The records beneath should be printed exactly, and the pictures are to be left out.
[Start of section]
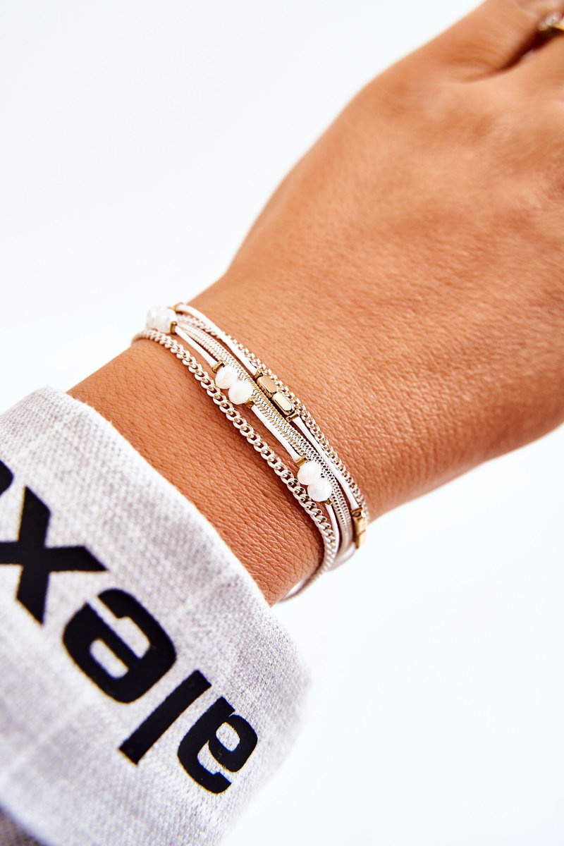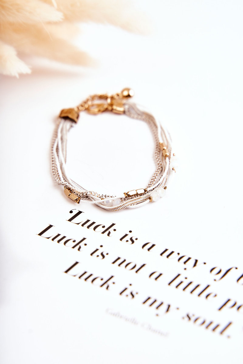 Гарний браслет, що складається з декількох ланцюжків. Його виготовляли з недорогоцінного металу. Має можливість регулювати довжину і має прикраси у вигляді імітації кристалів. Браслет виглядає дуже особливо. Обов’язково ознайомтеся з рештою нашої пропозиції доступних моделей прикрас. Додайте стилю своїй укладці!
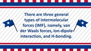 Intermolecular Forces IMF Part I: Types of IMF Effect of IMF on ...
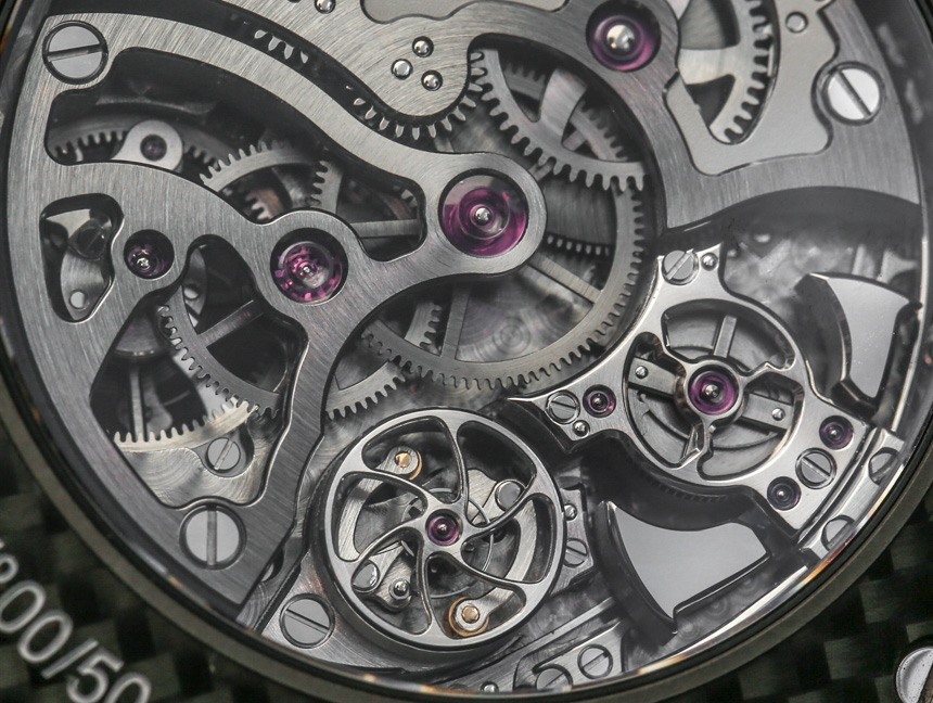 內部制造的 HUB 8001 機芯是手動上弦的,具有 5 天的動力儲存,以 3Hz 運行(我相信)。Hublot 實際上聲稱它有一個“雙重大教堂鐘聲”,可能是因為它有兩個音簧。該機芯由 319 個零件進一步生產——對于這樣的機芯來說效率相對較高。
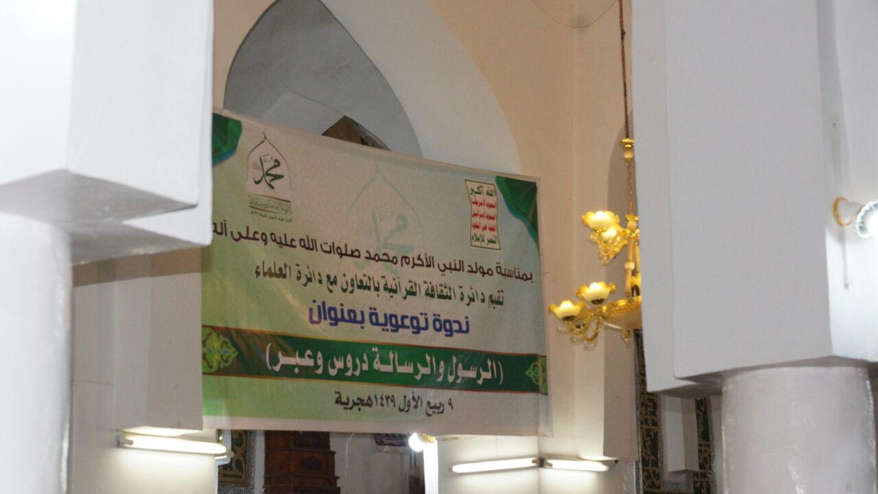 اقامت دائرة الثقافة القرآنية بالتعاون مع دائرة العلماء ، مساء اليوم ،بمدينة صعدة في مسجد الإمام الهادي عليه السلام ندوة توعوية تحت عنوان ” الرسول والرسالة دروس وعبر ” وذلك بمناسبة ذكرى المولد النبوي الشريف .
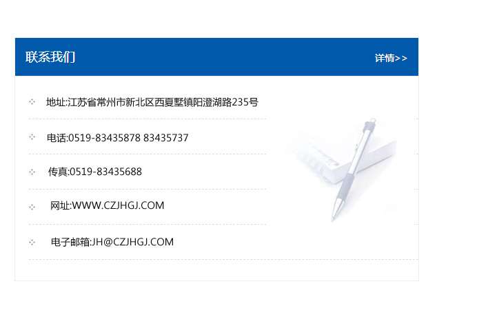 地址:常州市新北區友邦商務大廈1幢16、17層  電話:0519-85101652  傳真:0519-85112595  郵編:213022  網址:www_cz-jiayue_cn.shsanlo.com  郵箱:xiajifengaa@163.com
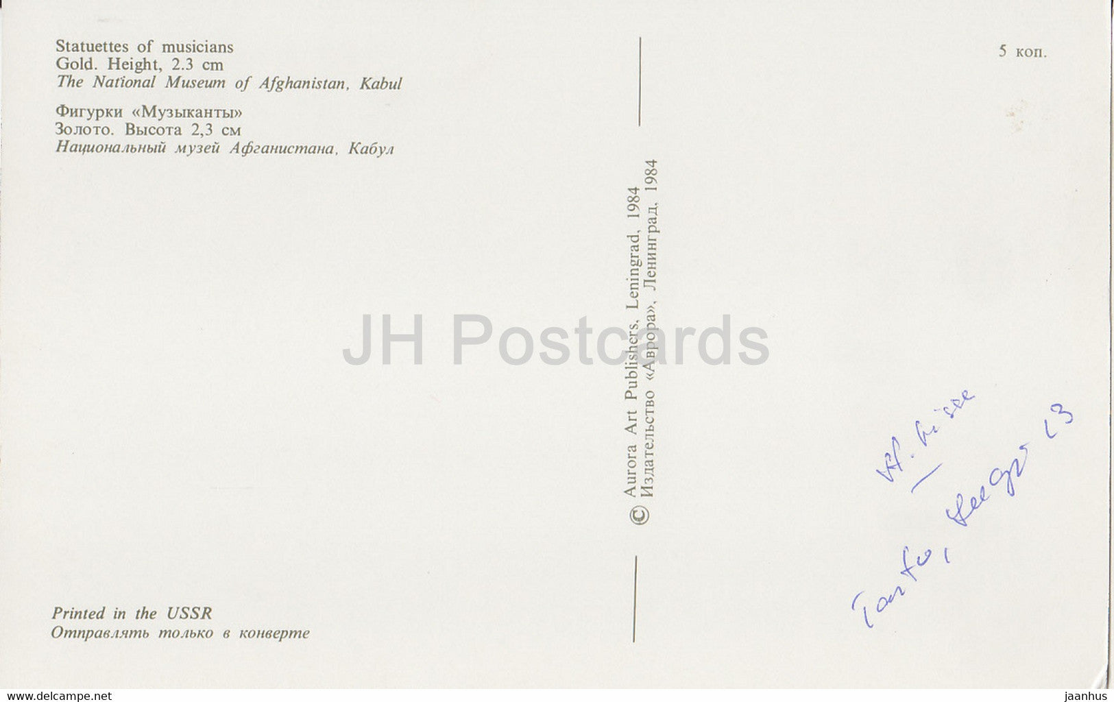 Statuettes de musiciens - Musée national d'Afghanistan - archéologie - Or de Bactriane - 1984 - URSS Russie - utilisé
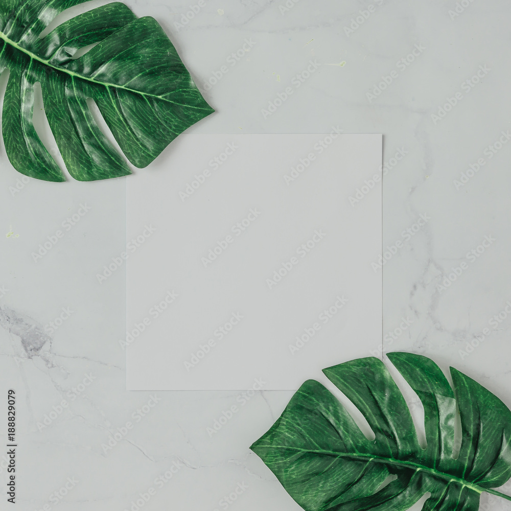 Creative natural layout made of tropical leaves on marble background. Flat lay composition.
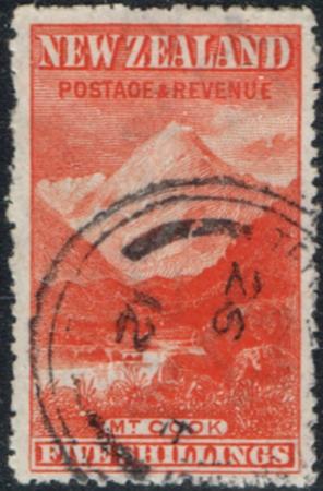 | 1898 Pictorials. 5/-. Perf 14 (sideways watermark.). Fine used (1912). Well centred. CP E21e, SG 329.
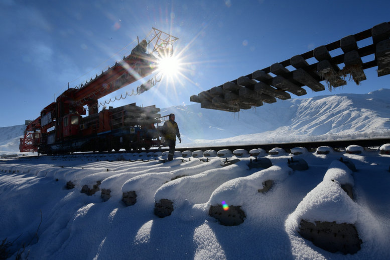 川藏鐵路拉林段在雪中鋪軌
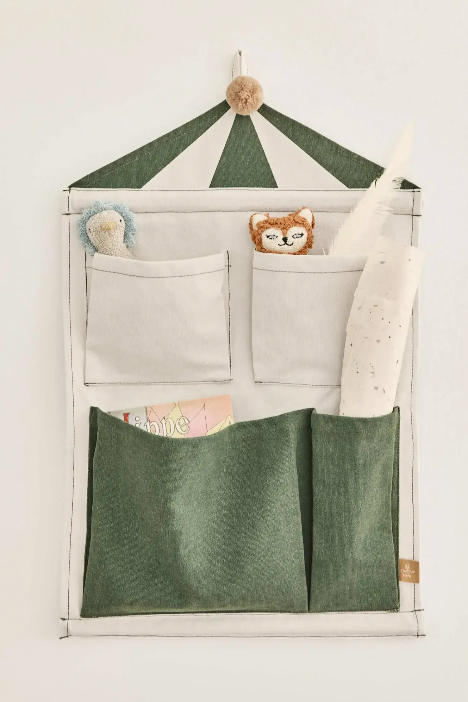 Det grøn- og hvidstribede design med den karakteristiske pompon på toppen tilfører et friskt præg til din væg. Organizeren passer særligt godt ind i rum, hvor du har brug for at kombinere praktisk opbevaring med et stilrent udtryk.
[End of section]
RESULT FOR THIS EXERCISE:
 Гарний браслет, що складається з декількох ланцюжків. Його виготовляли з недорогоцінного металу. Має можливість регулювати довжину і має прикраси у вигляді імітації кристалів. Браслет виглядає дуже особливо. Обов’язково ознайомтеся з рештою нашої пропозиції доступних моделей прикрас. Додайте стилю своїй укладці!
 Intermolecular Forces IMF Part I: Types of IMF Effect of IMF on ...
 內部制造的 HUB 8001 機芯是手動上弦的,具有 5 天的動力儲存,以 3Hz 運行(我相信)。Hublot 實際上聲稱它有一個“雙重大教堂鐘聲”,可能是因為它有兩個音簧。該機芯由 319 個零件進一步生產——對于這樣的機芯來說效率相對較高。
 اقامت دائرة الثقافة القرآنية بالتعاون مع دائرة العلماء ، مساء اليوم ،بمدينة صعدة في مسجد الإمام الهادي عليه السلام ندوة توعوية تحت عنوان ” الرسول والرسالة دروس وعبر ” وذلك بمناسبة ذكرى المولد النبوي الشريف .
 地址:常州市新北區友邦商務大廈1幢16、17層  電話:0519-85101652  傳真:0519-85112595  郵編:213022  網址:www_cz-jiayue_cn.shsanlo.com  郵箱:xiajifengaa@163.com
 Statuettes de musiciens - Musée national d'Afghanistan - archéologie - Or de Bactriane - 1984 - URSS Russie - utilisé
 Creative natural layout made of tropical leaves on marble background. Flat lay composition.
 | 1898 Pictorials. 5/-. Perf 14 (sideways watermark.). Fine used (1912). Well centred. CP E21e, SG 329.
 川藏鐵路拉林段在雪中鋪軌
 Det grøn- og hvidstribede design med den karakteristiske pompon på toppen tilfører et friskt præg til din væg. Organizeren passer særligt godt ind i rum, hvor du har brug for at kombinere praktisk opbevaring med et stilrent udtryk.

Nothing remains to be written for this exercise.